Sri Shyamal Gupta, Member
This order is directed against the Order dated 22-01-2013 passed by the Ld. District Forum, Nadia in C.C. No. 93/2010 whereby the complaint has been dismissed. Being aggrieved by and dissatisfied with the same, Complainant thereof has preferred this Appeal.
Case of the Appellant in short, is that, he purchased a vehicle under hire purchase scheme from the Respondent financier, who rendered financial assistance to the tune of Rs. 3,85,000/- to facilitate purchase of the said vehicle. A loan agreement for this purpose was executed in between the parties on 31-05-2006. It is the case of the Appellant that up to 08-07-2009, he paid a sum of Rs. 4,63,650/- to the Respondent. On one occasion, the Appellant was forced to cough up Rs. 15,300/- as fine although he did not owe any amount to the Respondent. It is the further case of the Appellant that he was also forced to pay Rs. 71,000/- and Rs. 85,000/- on 06-10-2007 and 08-07-2009, respectively, after the vehicle was forcefully repossessed by the Respondent without any prior intimation or notice. Against such backdrop, the Appellant filed the complaint before the Ld. District Forum. Still the Ld. District Forum dismissed the complaint. So, this Appeal.

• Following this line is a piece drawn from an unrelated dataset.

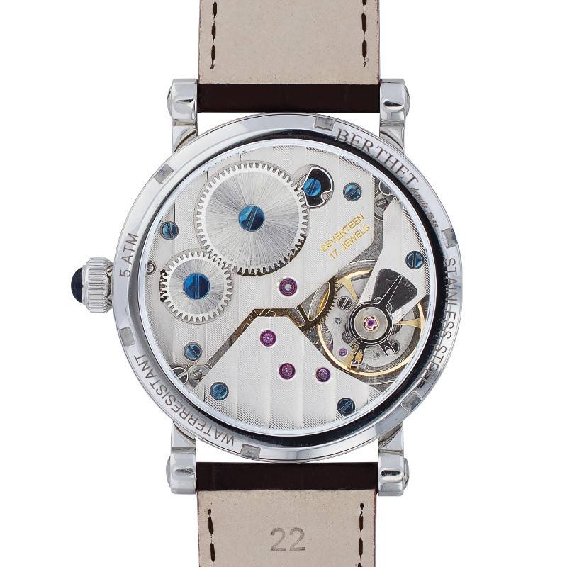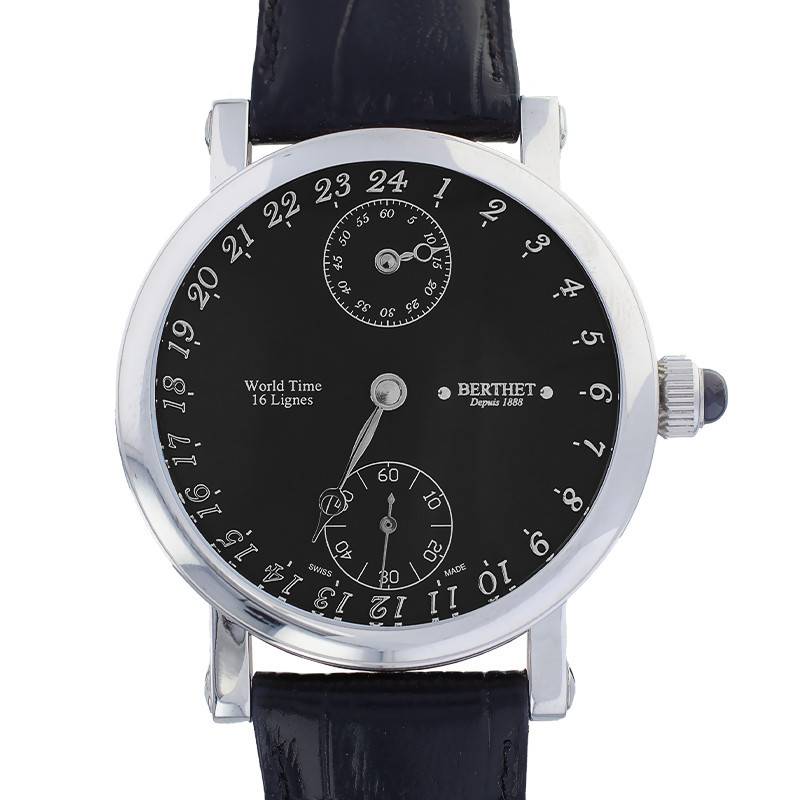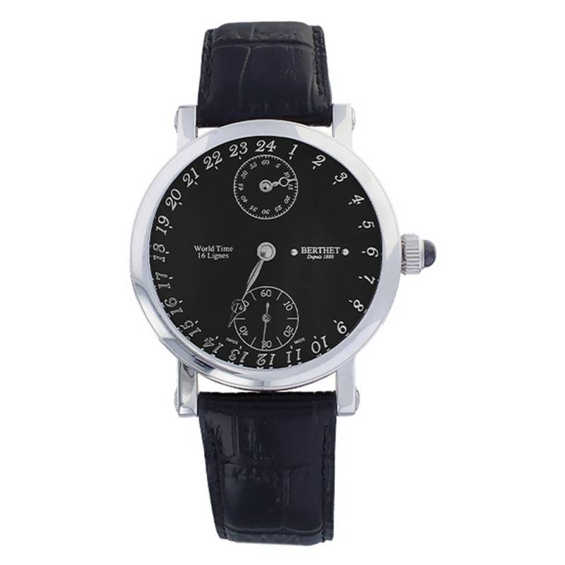 Toute l'originalité de ce garde-temps repose au sein de son cadran. De couleur noire, il se démarque par son affichage analogique non-conventionnel. En effet, vous ne retrouverez en son coeur qu'une seule aiguille de forme vintage Breguet indiquant les heures. Les secondes et les minutes seront quant-à-elles précisées à travers deux compteurs disposés à 6 et 12 heures. De plus, les marqueurs temporels présents sur le pourtour du cadran se démarquent également par un affichage spécial 24h. Contrairement aux montres traditionnelles, les heures seront indiquées sur 24h au lieu de 12h ! Les index prennent alors la forme de chiffres arabes à l'allure rétro. Enfin, la Maison Berthet signe sa création à 3 heures en lettres capitales de couleur argentée. Elle ajoute également à 9 heures la dénomination "World Time 16 Lignes" faisant écho à son affichage spécial et à son mouvement mécanique.

Rival contention of the Respondent is that the Appellant is a habitual defaulter and once surrendered the vehicle for defaulting making payment of EMIs. Subsequently, after paying due amount, he took back the vehicle. However, the Appellant again failed to make timely payment. It is alleged that in order to escape payment of outstanding amount, the Appellant filed the complaint.
Decision with reasons
It appears from the impugned order that the Appellant did not pay EMIs as per payment schedule, but paid the same in a whimsical manner. The Ld. District Forum, as it transpires from the impugned order, gone at great length to verify the tall claim of the Appellant about religious compliance of his contractual obligation and eventually found that the Appellant defaulted making payment of EMIs on several occassions resulting in escalation of outstanding dues leaps and bounds. We also find that during the course of argument before the Ld. District Forum, Ld. Advocate for the Appellant could not pick any hole into the statement furnished from the side of the Respondent. No comparison statement in between schedule of payment vis-à-vis actual payment is placed either to prove the Respondent wrong. Whenever one fails/neglects to pay EMIs as per schedule, in terms of the hire purchase agreement, interest is charged over the outstanding/defaulting amount. In case one feels that there is any anomaly in the statement of account furnished from the side of the financier, it is incumbent upon the lonee to furnish a counter statement in order to earmark the loophole. However, apart from filing some payment receipts, the Appellant has not furnished any authentic/corroborative document wherefrom the deficiency in service on the part of the financier it can be ascertained. Unfortunately, nothing of this sort is placed on record from the side of the Appellant. In absence of cogent documentary proof, claims look like rhetoric and we must make it clear that we cannot adjudicate a dispute based on surmises and conjecture. The Appellant miserably failed establish his case by adducing tangible proof in support of his claim. As such, we see no reason whatsoever to interfere with the impugned order.
The Appeal, accordingly, fails.
Hence,
O R D E R E D
That FA/244/2013 be and the same is dismissed ex parte without any cost. The impugned order is hereby affirmed.